The pieces of Infinity Nets were an expression of infinite time, space and distance. This concept evolved from the canvas to full-scale installations in 1963 with Infinity Mirror Rooms, where one’s body would become fragmented and patterned onto the mirrored walls. Her three dimensional work continued during the Venice Biennale in 1966, installing 1,500 mirrored spheres in the gardens outside the main pavilion. From 1967 to 1969, Kusama moved onto painting and covering people with polka dots, most prominently during her active involvement in anti-Vietnam war demonstrations. This led to her opening her own boutique in 1969. Her signature style of polka dots and repetition grew rapidly and diversified in the 1960s.


After a series of illnesses, Kusama returned to Japan in 1973, and underwent treatment for depersonalization syndrome. Upon her return to Japan, her creativity expanded further to include poetry and literary work. In 1977, she admitted herself into a psychiatric hospital in Tokyo and has continued to live there to this day. She has a studio in close proximity to the hospital so that she can continue to create. She has been a prolific artist over several decades and has delved into a variety of themes exploring her syndrome, including her Sex Obsession and Food Obsession series, Longing for the Universe, Accumulation Of The Corpses (Prisoners Surrounded by the Curtain of Depersonalisation) and End of the Universe.

Kusama is a pioneering artist whose enthusiasm spans into the whole manifestation of creativity, ranging from painting, writing, fashion, sculpture, silk-screening, dance, design, furniture and musical composition. She has had a profound effect on the world of art. Even before Andy Warhol’s iconic one-dollar bill pieces, Kusama was creating minimalist, repeated-image based work. Prior to Claes Oldenburg’s soft sculptures, Kusama produced them in the form of the phalli themed sofa and objects. Yoko Ono has noted Kusama as one of her influences. In 1993, she was selected to represent Japan in the Venice Biennale, and has had a large number of solo exhibitions around the world, including the Serpentine Gallery in London, the National Museum of Modern Art in Tokyo, and the Museum of Modern Art in New York.

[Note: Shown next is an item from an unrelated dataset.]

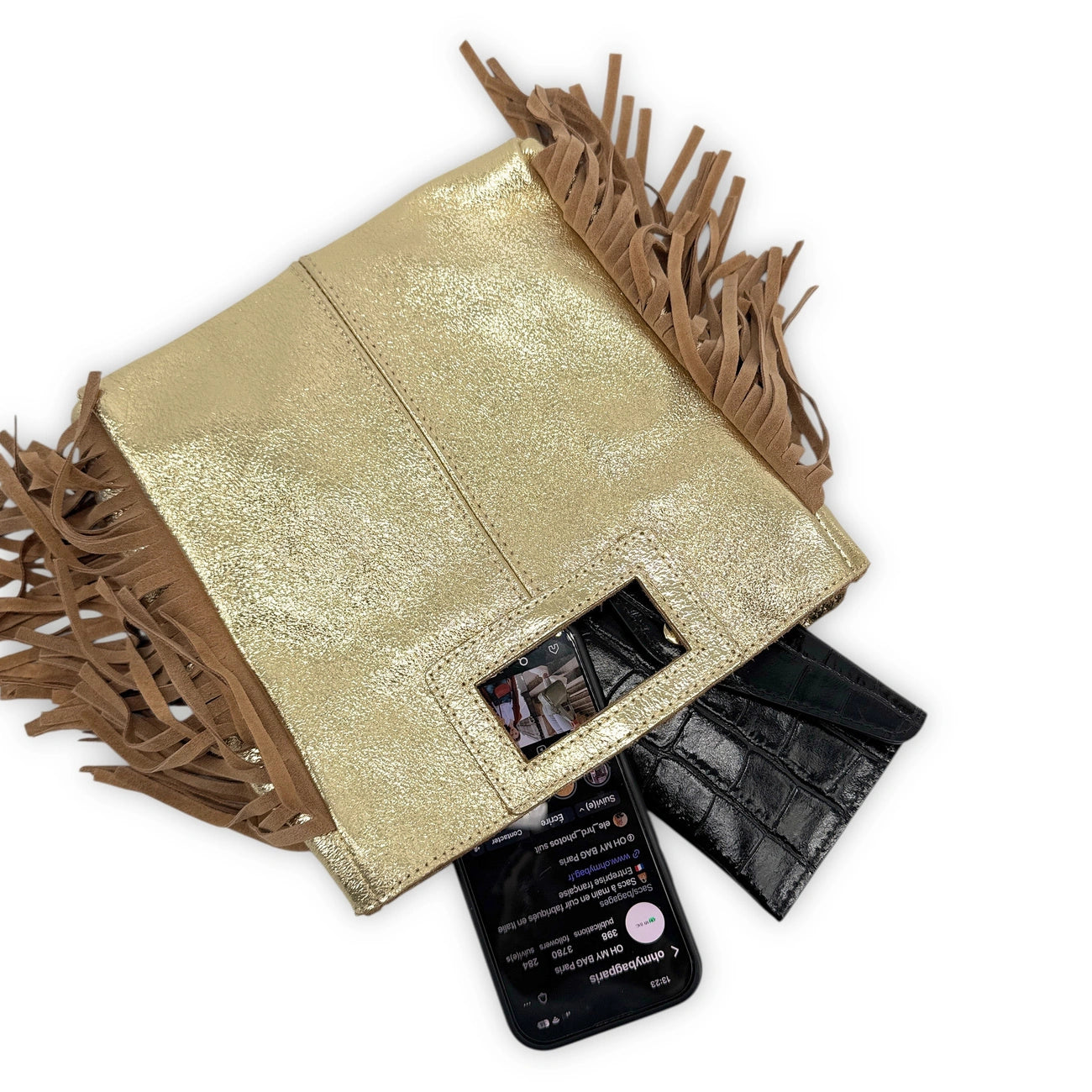 Bag main leather fringe irisé and suede ENOLA Pale gold

Kusama’s work and identity as an artist are intrinsically intertwined. We can often see her photographed together with her art. She has said that if she did not have her art, she would have killed herself a long time ago. Kusama has dedicated her whole life to disassembling her identity and freeing the self. In many of her pieces, we can see her in the continual process of obliterating herself. Her polka dots are not only universal signs of the outer world of earth and stars, but are also signs of the inner world of cells. Her work goes from the inner to the outer and back again, killing the ‘I’ so that we can be set free and unified with the universe.

To put it in Kusama’s own words:

‘Our earth is only one polka dot among a million stars in the cosmos. Polka dots are a way to infinity. When we obliterate nature and our bodies with polka dots, we become part of the unity of our environment.’